REQUIREMENT:
What you should repeat is the run of lines from the top of the listing below through the line with "十月结晶 Детские хлопковые", exactly, with no pictures.

-- DATA SEGMENT follows --

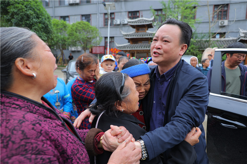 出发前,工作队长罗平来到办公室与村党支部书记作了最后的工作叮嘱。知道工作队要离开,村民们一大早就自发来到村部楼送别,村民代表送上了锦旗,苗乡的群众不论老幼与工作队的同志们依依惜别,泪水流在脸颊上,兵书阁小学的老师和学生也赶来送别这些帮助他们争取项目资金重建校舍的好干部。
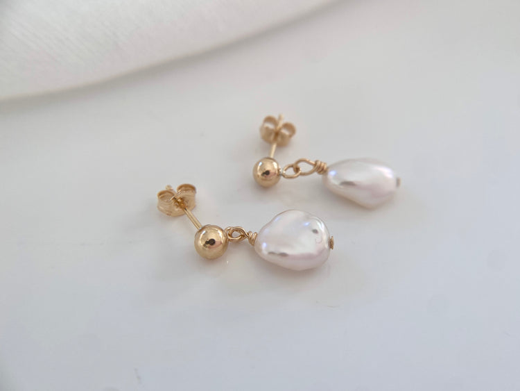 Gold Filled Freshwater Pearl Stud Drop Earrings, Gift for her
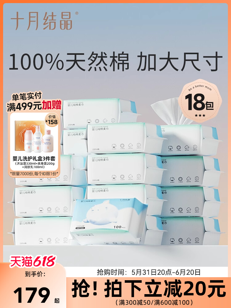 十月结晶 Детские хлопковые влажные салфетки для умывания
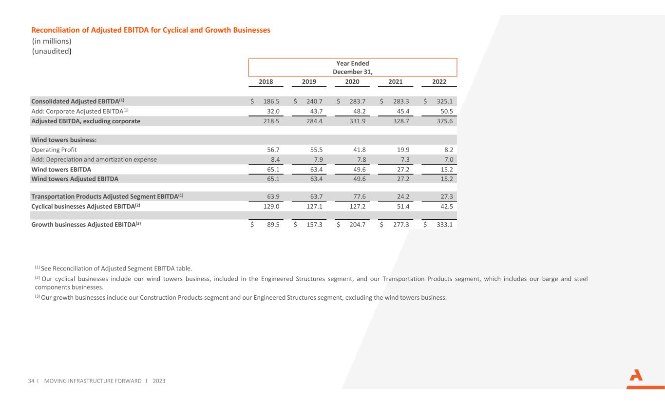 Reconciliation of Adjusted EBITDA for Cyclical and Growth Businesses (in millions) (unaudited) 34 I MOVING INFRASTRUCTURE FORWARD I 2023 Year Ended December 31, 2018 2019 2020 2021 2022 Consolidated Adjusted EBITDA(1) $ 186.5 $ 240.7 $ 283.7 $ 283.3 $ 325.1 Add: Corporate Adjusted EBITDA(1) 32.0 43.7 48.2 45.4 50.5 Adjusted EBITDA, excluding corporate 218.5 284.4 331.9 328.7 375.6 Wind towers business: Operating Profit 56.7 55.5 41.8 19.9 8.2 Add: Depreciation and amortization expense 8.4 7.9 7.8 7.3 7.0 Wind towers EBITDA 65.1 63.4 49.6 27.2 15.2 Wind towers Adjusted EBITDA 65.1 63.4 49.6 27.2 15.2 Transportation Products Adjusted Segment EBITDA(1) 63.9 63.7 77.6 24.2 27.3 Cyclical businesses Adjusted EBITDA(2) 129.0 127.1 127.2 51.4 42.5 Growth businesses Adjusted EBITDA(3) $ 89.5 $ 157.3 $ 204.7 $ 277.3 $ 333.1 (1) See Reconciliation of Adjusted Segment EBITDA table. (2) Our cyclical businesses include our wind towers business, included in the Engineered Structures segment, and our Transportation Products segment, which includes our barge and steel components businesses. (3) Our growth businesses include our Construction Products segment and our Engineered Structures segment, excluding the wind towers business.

-- DATA SEGMENT concluded --

TASK OUTPUT:
 出发前,工作队长罗平来到办公室与村党支部书记作了最后的工作叮嘱。知道工作队要离开,村民们一大早就自发来到村部楼送别,村民代表送上了锦旗,苗乡的群众不论老幼与工作队的同志们依依惜别,泪水流在脸颊上,兵书阁小学的老师和学生也赶来送别这些帮助他们争取项目资金重建校舍的好干部。
 Gold Filled Freshwater Pearl Stud Drop Earrings, Gift for her
 十月结晶 Детские хлопковые влажные салфетки для умывания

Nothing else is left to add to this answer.